INFORMATION SUPPLIED
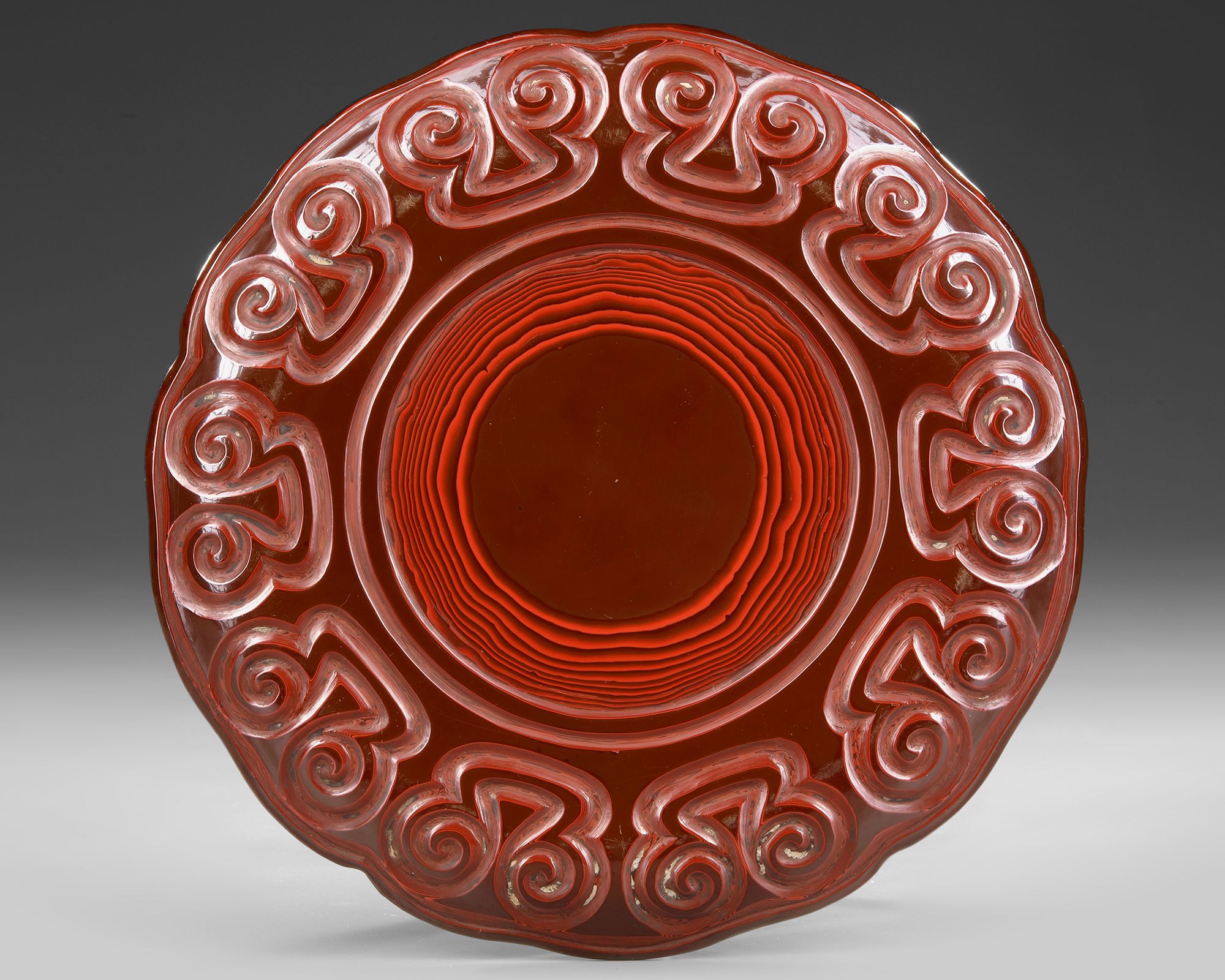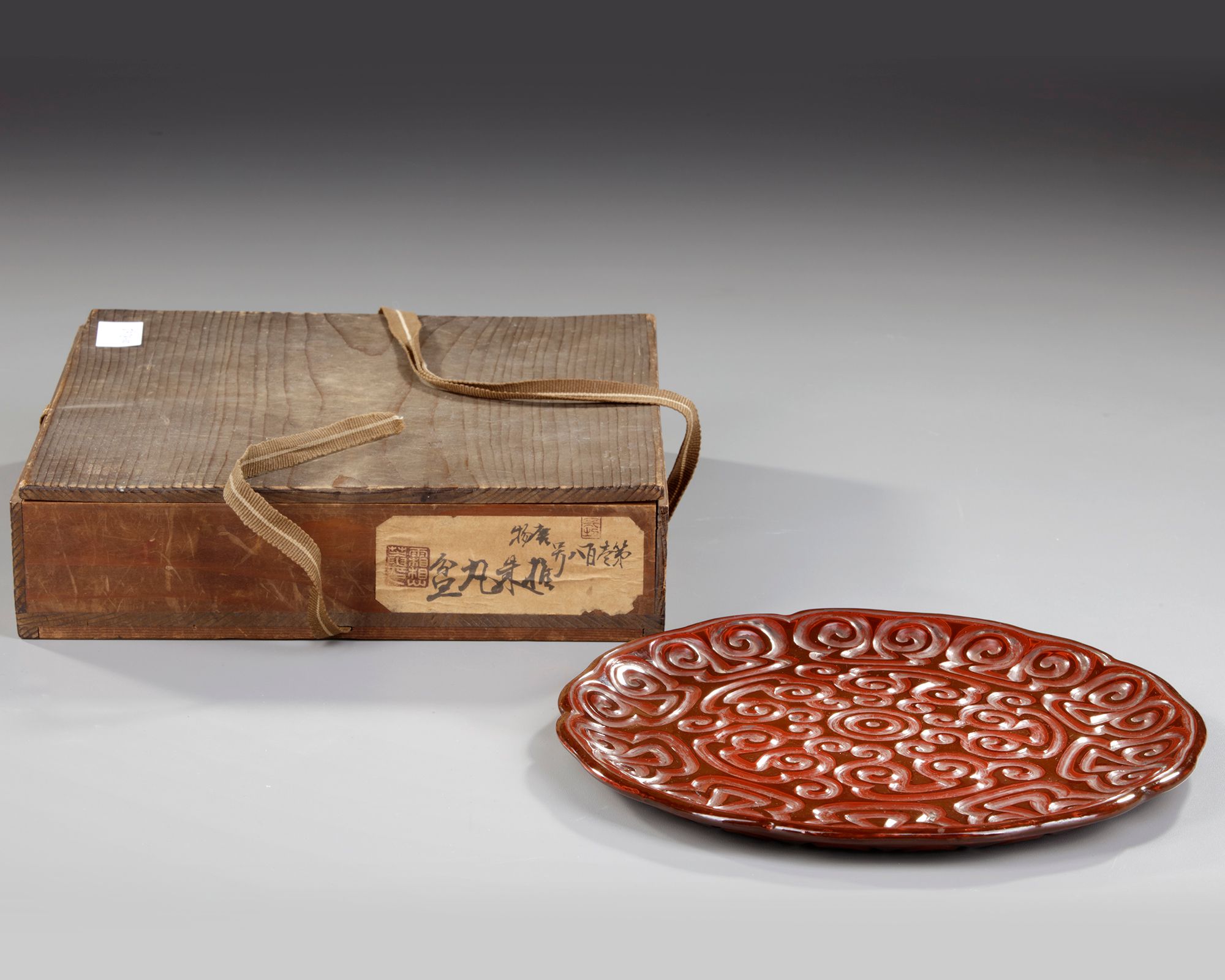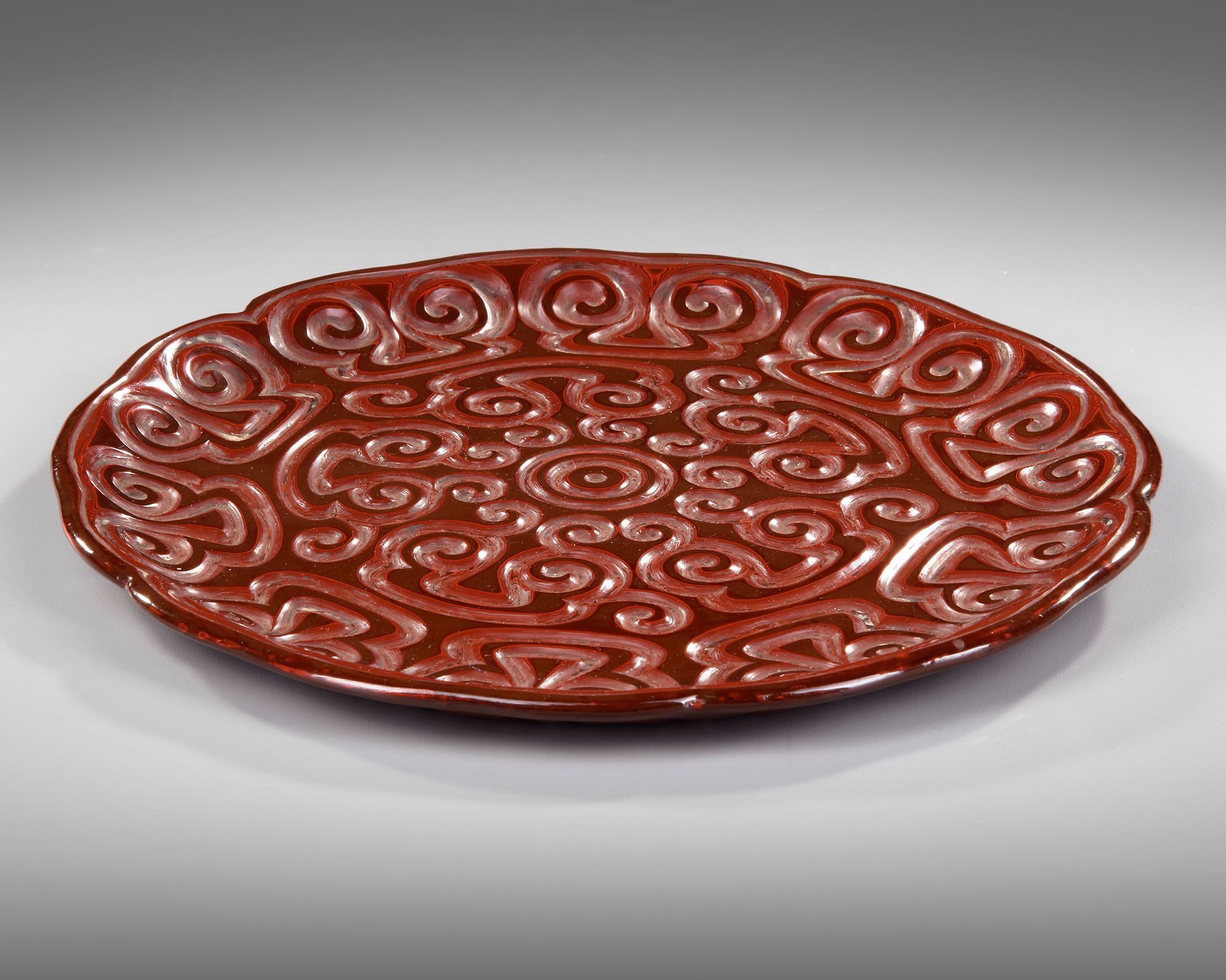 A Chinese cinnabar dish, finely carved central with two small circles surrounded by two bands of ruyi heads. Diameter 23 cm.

==

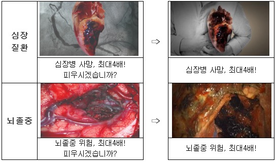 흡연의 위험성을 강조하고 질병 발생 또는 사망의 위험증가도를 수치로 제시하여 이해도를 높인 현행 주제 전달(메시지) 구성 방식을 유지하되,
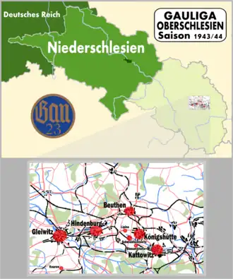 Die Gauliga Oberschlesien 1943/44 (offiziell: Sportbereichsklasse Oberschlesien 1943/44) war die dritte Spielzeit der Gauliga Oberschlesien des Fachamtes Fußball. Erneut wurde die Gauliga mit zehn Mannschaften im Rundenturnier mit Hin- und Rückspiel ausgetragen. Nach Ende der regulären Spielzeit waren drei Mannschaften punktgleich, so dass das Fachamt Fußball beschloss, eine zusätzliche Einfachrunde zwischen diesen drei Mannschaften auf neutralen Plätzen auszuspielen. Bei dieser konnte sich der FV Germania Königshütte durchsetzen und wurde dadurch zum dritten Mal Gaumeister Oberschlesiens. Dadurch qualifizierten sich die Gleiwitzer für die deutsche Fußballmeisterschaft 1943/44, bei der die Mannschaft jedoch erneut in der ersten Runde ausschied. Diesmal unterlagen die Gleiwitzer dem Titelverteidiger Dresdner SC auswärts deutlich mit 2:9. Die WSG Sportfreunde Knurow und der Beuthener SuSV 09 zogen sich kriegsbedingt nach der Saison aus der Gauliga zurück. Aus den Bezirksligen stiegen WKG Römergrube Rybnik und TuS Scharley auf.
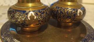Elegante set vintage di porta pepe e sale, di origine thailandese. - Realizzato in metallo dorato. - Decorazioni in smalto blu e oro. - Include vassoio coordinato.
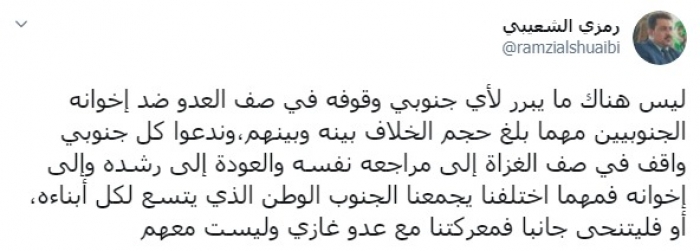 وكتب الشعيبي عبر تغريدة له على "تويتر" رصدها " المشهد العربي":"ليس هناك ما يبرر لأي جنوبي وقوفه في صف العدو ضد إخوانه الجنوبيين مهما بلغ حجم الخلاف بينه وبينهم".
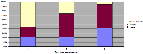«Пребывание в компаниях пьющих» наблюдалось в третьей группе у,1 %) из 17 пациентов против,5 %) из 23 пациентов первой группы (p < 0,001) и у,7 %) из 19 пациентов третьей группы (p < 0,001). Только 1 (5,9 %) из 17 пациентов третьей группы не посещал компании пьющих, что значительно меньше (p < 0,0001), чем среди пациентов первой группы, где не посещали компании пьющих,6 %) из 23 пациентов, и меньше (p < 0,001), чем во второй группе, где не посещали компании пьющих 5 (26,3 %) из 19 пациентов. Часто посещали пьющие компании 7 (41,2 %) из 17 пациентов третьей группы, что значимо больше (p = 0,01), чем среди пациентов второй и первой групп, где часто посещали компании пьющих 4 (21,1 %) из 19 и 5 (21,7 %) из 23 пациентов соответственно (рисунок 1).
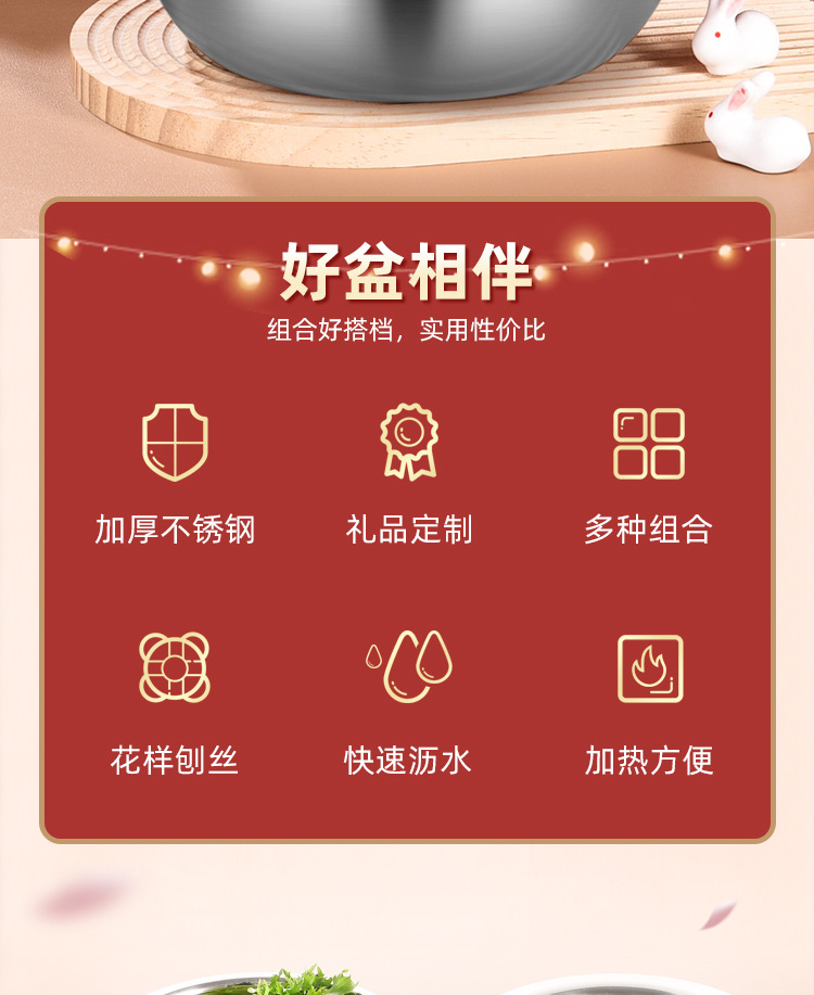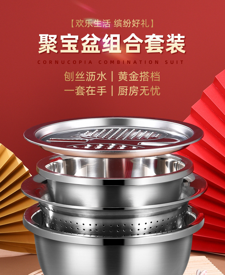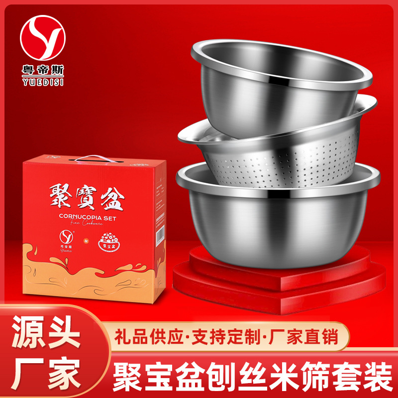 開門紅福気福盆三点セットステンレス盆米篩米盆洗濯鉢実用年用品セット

==

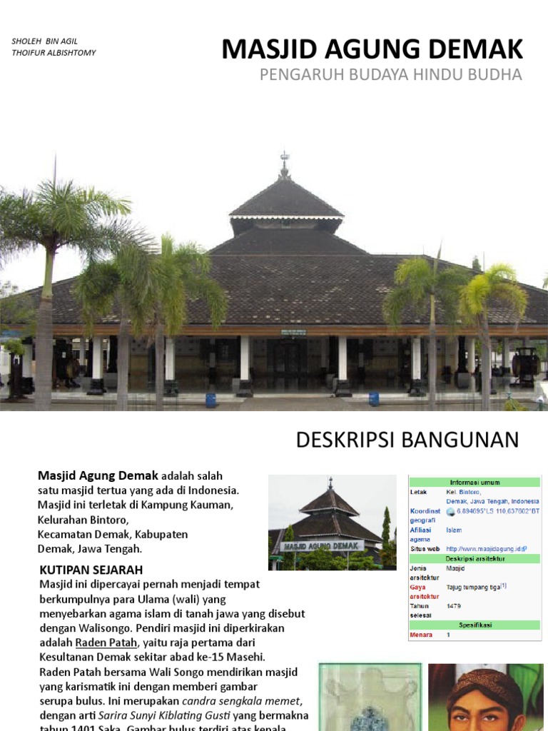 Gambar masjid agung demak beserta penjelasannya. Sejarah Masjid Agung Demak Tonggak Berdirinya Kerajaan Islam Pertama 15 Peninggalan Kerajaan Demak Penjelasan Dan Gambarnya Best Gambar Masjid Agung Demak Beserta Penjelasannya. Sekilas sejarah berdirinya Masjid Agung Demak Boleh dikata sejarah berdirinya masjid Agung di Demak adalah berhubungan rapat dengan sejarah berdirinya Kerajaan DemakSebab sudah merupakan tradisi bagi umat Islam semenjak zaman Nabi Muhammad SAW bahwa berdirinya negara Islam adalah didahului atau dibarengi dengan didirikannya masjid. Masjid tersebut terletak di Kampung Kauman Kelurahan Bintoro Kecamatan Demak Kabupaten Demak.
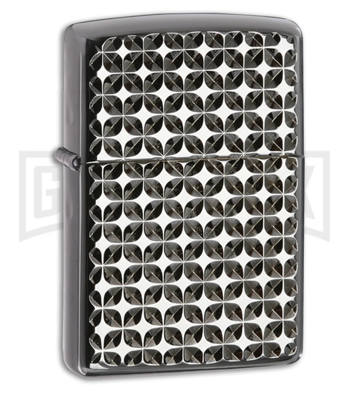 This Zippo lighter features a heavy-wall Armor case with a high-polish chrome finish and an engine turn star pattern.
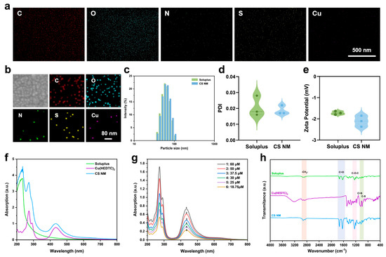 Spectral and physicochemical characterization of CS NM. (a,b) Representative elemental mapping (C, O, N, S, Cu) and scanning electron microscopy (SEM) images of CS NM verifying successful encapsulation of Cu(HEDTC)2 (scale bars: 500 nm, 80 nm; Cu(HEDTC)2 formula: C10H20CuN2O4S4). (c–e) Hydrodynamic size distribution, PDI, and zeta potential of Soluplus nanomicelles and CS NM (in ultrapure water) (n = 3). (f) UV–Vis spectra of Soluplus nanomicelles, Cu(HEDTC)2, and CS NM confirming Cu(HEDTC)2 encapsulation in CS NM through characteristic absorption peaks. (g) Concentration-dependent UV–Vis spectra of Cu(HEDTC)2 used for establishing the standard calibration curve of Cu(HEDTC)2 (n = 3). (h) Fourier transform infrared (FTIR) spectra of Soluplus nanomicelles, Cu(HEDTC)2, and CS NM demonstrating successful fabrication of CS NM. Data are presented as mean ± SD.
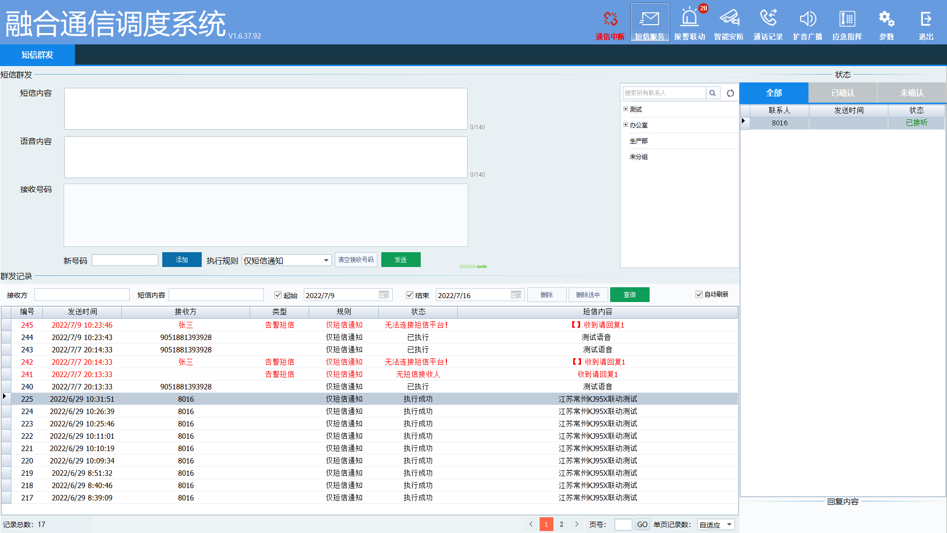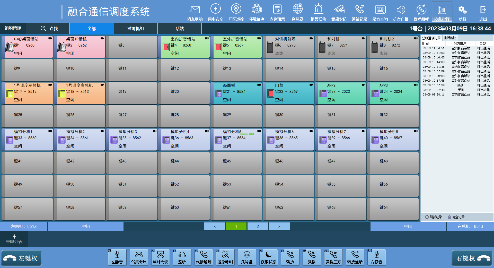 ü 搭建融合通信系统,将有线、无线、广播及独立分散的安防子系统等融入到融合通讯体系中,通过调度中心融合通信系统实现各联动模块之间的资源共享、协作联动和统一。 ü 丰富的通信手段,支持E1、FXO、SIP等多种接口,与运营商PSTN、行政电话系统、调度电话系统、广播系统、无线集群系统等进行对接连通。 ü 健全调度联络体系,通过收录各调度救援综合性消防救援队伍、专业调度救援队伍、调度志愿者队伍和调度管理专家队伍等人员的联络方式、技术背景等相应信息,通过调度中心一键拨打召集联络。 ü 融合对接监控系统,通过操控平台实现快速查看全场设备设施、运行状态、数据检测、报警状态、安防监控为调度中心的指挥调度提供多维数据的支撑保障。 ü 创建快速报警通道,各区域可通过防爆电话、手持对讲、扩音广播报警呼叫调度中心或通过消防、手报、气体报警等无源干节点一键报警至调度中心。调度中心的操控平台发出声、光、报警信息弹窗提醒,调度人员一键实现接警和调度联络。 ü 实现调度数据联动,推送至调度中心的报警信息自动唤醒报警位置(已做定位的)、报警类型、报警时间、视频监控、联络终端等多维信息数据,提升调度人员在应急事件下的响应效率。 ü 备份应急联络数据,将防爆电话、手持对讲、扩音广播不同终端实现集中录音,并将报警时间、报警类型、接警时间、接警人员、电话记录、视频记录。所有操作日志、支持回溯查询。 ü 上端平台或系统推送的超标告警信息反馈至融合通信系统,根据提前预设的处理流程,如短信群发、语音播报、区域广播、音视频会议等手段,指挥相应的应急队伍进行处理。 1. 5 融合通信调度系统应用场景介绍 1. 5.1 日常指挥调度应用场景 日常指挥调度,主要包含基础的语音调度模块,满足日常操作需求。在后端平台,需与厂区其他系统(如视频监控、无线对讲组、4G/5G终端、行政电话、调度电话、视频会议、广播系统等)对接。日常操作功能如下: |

WHAT TO DO
Give back exactly the lines above from the one with "соответственно (рисунок 1)." through the one with "開門紅福気福盆三点セットステンレス盆米篩米盆洗濯鉢実用年用品セット", both included. Pictures don't belong in the copy.

SOLUTION FOR THIS PROBLEM
«Пребывание в компаниях пьющих» наблюдалось в третьей группе у,1 %) из 17 пациентов против,5 %) из 23 пациентов первой группы (p < 0,001) и у,7 %) из 19 пациентов третьей группы (p < 0,001). Только 1 (5,9 %) из 17 пациентов третьей группы не посещал компании пьющих, что значительно меньше (p < 0,0001), чем среди пациентов первой группы, где не посещали компании пьющих,6 %) из 23 пациентов, и меньше (p < 0,001), чем во второй группе, где не посещали компании пьющих 5 (26,3 %) из 19 пациентов. Часто посещали пьющие компании 7 (41,2 %) из 17 пациентов третьей группы, что значимо больше (p = 0,01), чем среди пациентов второй и первой групп, где часто посещали компании пьющих 4 (21,1 %) из 19 и 5 (21,7 %) из 23 пациентов соответственно (рисунок 1).
 開門紅福気福盆三点セットステンレス盆米篩米盆洗濯鉢実用年用品セット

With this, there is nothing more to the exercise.